Although Moore's law is slowing down [2], application demands continue to grow, leading to the use of alternatives to conventional CPUs. In particular, FPGAs are becoming pervasive accelerators, with performance and energy consumption close to that of an ASIC [7], without the associated high design and production costs, and with the flexibility to be reconfigured even at runtime [9, 10]. Like GPUs they provide a very high degree of parallelism, but FPGAs do so without restricting the computational model to dense computations and sequential access to instructions and data. As a result, FPGAs have been efficiently used in fields like signal and image processing [1, 3, 14], machine learning [5, 8, 15], in network data processing and database acceleration [4, 6, 13], to name a few.

However, FPGAs have drawbacks. Their clock frequencies are typically one order of magnitude lower than that of a CPU or GPU. Performance comes instead from deeply pipelined hardware designs with high concurrency and high degrees of specialization. The lack of proper software support and missing abstractions necessitate hardware expertise and experience from the developers and makes the usage highly unattractive for novice users. As FPGAs start to become parts

of a larger ecosystem, being used in hybrid CPU-FPGA architectures rather than standalone, the added contrast between hardware and software development creates an additional problem. Hybrid CPU-FPGA systems require a layer facilitating interaction between FPGA and the CPU's OS. To date, such layers are primitive, often bound to concrete devices or brands, and lack the highly needed flexibility one would expect from a traditional operating system. Examples of the state of the art include Microsoft's Catapult [12] or Intel's HARP [11]. Both are focused on a specific group of applications and use cases, which in turn leads to missing features and resources. This emphasises the need to create new frameworks for these systems which will allow a more defined, coherent and abstracted interaction between software and hardware while at the same time trying to provide adaptability for various work loads.
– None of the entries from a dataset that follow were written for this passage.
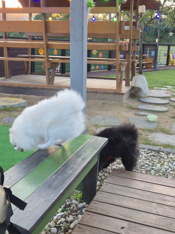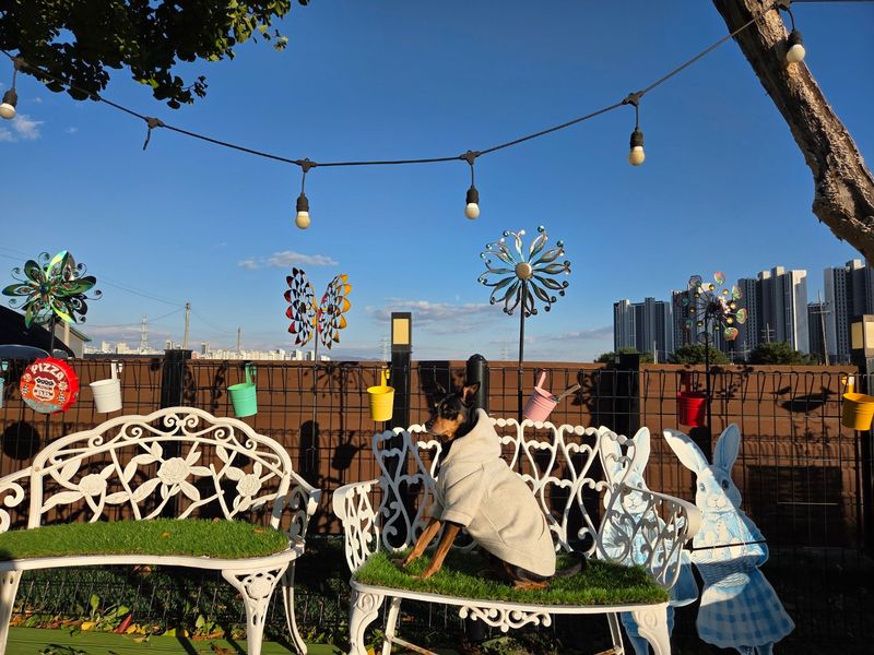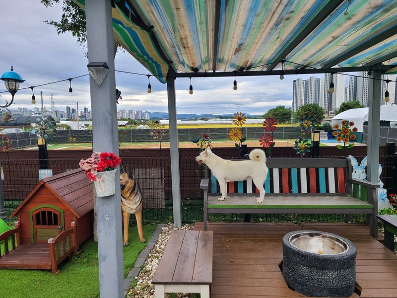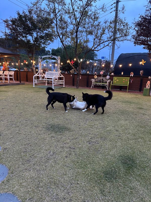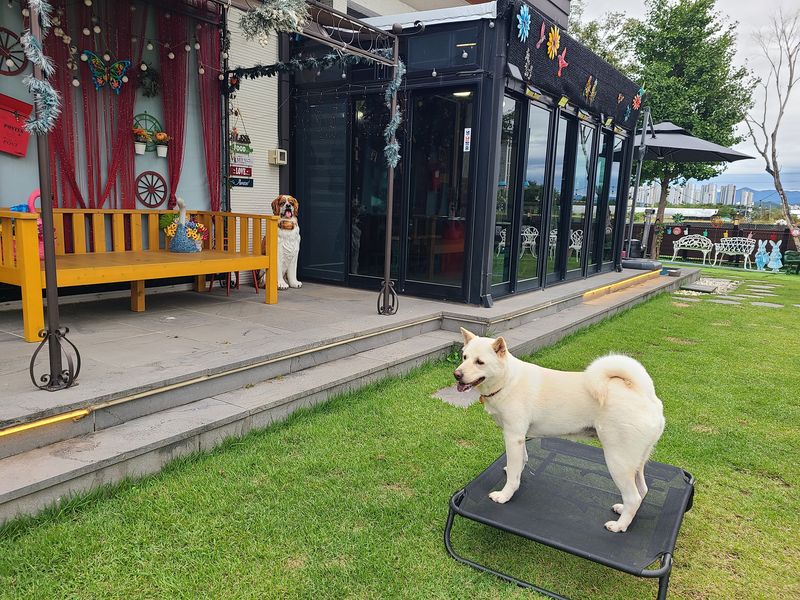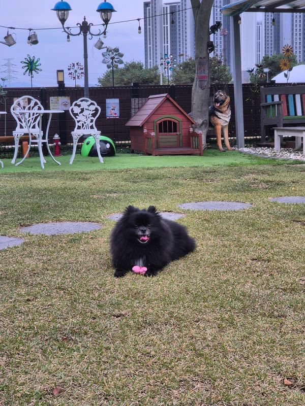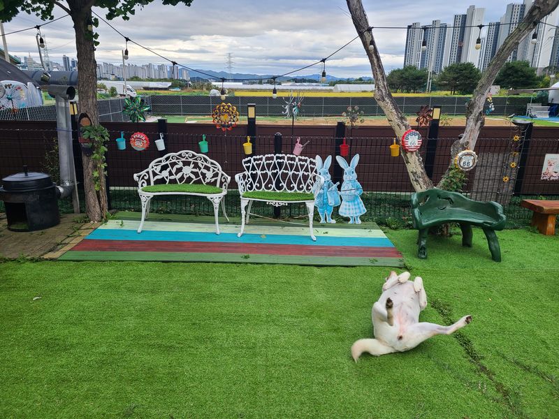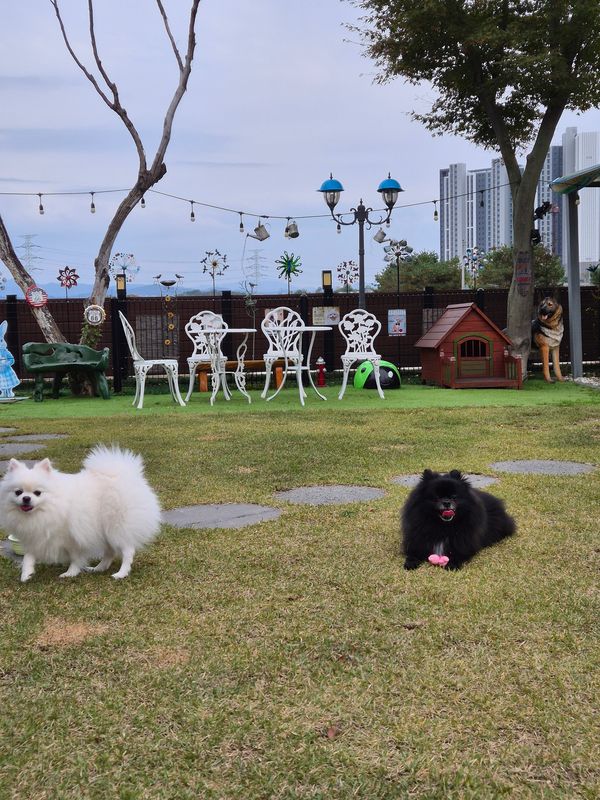 오랜만에 방문했는데 아기자기하게 더 꾸며놓으셨어요 천연 잔디라 댕댕이들이 뛰뛰하기도 넘 좋아요 개딸내미들 신나게 잘 놀다 왔어요~ 사장님의 서프라이즈 선물도 넘 감사했어용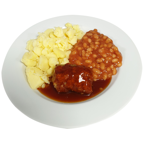 Boomstam (v) vleesjus,witte bonen in tomatensaus  en aardappelen gekookt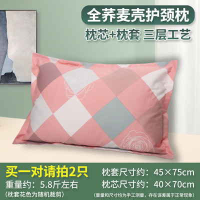 春夕花语【中号高枕5.0斤装】双层内胆+纯棉枕套 90级荞麦壳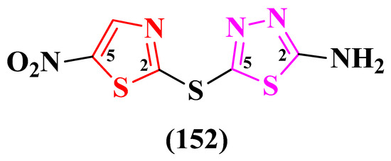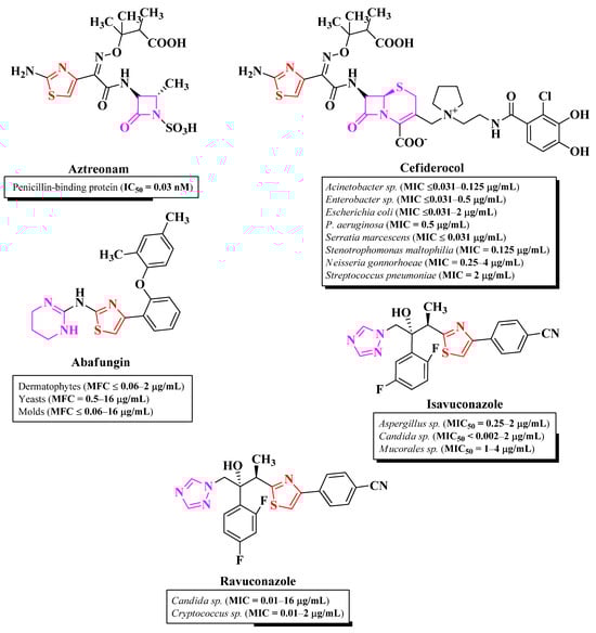 Thiazole is a five-membered heterocycle, part of the azoles group containing one nitrogen heteroatom and one sulfur heteroatom. It is found in a series of authorized antimicrobial drugs, such as aztreonam, and various cephalosporins (including the newest cefiderocol), abafungin, isavuconazole, ravuconazole, ethaboxam, and myxothiazol, thus underlining the importance of this nucleus for antimicrobial activity [3,4,5] (Figure 1). The effect of the thiazole nucleus on the biological activity of a molecule can be influenced by clubbing it directly or through a linker with other moieties with pharmacological potential, thereby creating hybrid compounds [6].

We present LynX, aiming to bridge the gap between the software and hardware layers in modern heterogeneous systems. LynX offers flexibility with an operating system-like shell for FPGAs that is highly configurable and generic in the sense of being able to support a wide variety of applications and processing scenarios. LynX brings OS-like interfaces and functionality such as multitasking between multiple concurrent hardware processes, running in virtual FPGA regions, which can be dynamically reconfigured (resembling a context switch). On top of that we present a runtime manager which is able to dynamically schedule jobs in order to optimize their execution time. Our framework offers ease of use through the unified virtual memory scheme, focusing on local FPGA resources, which allows us to conceal the fragmentation through dynamic allocation of the memory and to expose a contiguous virtual address range to the users, greatly reducing the complexity of interacting with the FPGA from software. The dynamic allocation of FPGA on-board memory allows us to implement a custom access pattern leading to an increase in memory performance. We additionally integrate an RDMA network stack allowing remote memory operations, greatly expanding the possible use cases.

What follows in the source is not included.